=== Available records ===

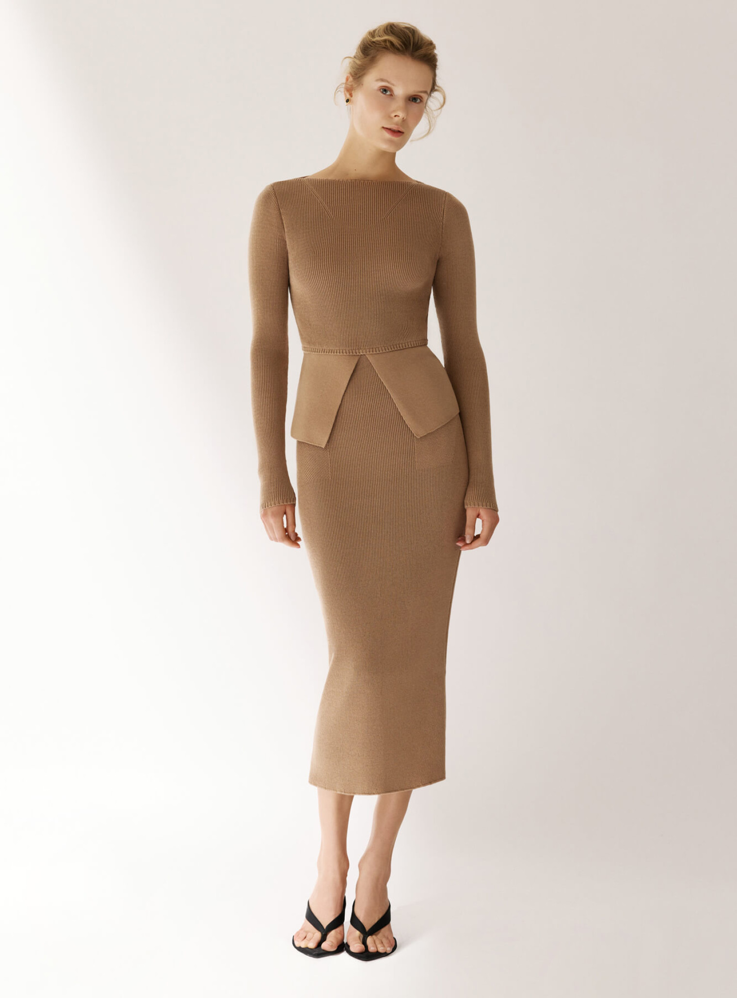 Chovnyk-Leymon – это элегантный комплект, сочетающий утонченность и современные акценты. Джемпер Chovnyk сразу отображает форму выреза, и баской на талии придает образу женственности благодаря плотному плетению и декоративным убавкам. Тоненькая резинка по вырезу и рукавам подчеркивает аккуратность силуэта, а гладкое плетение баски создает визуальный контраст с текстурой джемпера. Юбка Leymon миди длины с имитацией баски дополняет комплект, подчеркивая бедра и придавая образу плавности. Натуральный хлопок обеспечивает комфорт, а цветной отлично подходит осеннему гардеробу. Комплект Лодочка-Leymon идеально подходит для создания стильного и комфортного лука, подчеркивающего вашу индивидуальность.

===
=== Available records ===

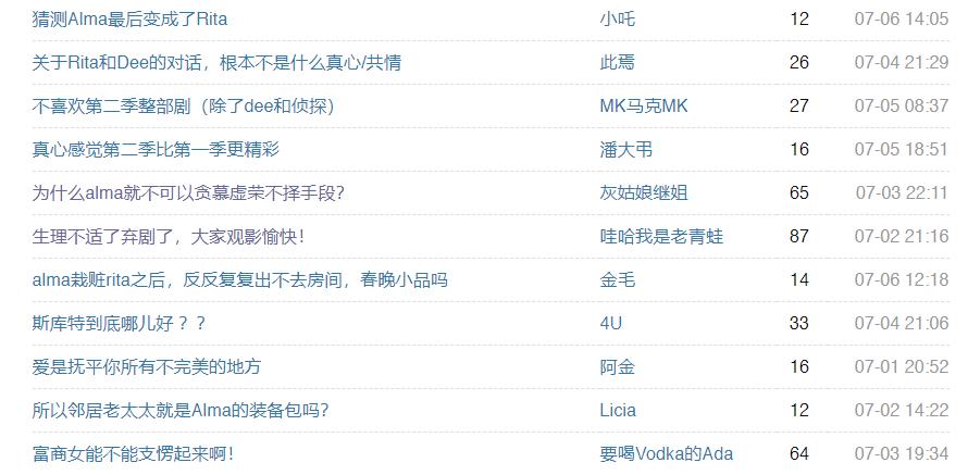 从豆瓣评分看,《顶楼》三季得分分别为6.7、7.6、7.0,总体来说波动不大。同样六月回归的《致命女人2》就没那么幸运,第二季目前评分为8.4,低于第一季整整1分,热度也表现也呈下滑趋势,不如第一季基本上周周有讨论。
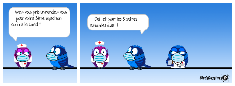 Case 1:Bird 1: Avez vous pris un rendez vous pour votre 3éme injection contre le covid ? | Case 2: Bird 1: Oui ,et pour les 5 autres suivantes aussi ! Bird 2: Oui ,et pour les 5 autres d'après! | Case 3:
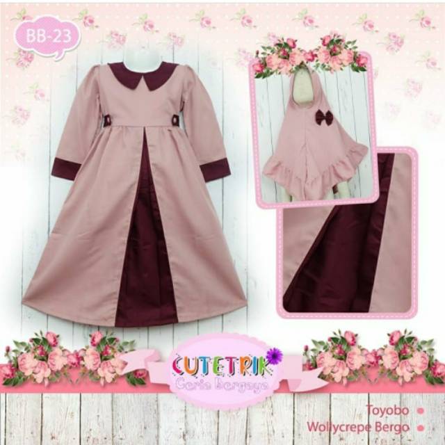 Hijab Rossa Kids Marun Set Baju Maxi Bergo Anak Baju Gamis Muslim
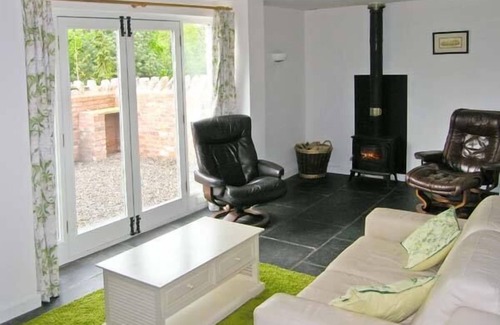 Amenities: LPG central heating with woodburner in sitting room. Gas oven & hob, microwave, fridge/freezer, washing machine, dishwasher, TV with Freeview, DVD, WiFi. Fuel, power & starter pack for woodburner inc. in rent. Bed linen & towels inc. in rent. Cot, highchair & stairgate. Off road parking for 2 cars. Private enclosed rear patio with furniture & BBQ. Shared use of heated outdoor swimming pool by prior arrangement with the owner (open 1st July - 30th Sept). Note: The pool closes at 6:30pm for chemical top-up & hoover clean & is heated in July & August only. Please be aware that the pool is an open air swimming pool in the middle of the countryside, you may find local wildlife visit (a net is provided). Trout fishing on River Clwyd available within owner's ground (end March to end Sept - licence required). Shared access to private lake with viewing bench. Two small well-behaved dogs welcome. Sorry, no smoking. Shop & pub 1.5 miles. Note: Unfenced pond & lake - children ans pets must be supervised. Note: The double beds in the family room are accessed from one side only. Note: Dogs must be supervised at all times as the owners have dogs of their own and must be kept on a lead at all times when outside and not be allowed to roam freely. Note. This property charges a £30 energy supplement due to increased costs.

===

Pictures excluded, transcribe the listing above exactly from the line with "从豆瓣评分看,《顶楼》三季得" through the line with "Hijab Rossa Kids", and no further.

 从豆瓣评分看,《顶楼》三季得分分别为6.7、7.6、7.0,总体来说波动不大。同样六月回归的《致命女人2》就没那么幸运,第二季目前评分为8.4,低于第一季整整1分,热度也表现也呈下滑趋势,不如第一季基本上周周有讨论。
 Case 1:Bird 1: Avez vous pris un rendez vous pour votre 3éme injection contre le covid ? | Case 2: Bird 1: Oui ,et pour les 5 autres suivantes aussi ! Bird 2: Oui ,et pour les 5 autres d'après! | Case 3:
 Hijab Rossa Kids Marun Set Baju Maxi Bergo Anak Baju Gamis Muslim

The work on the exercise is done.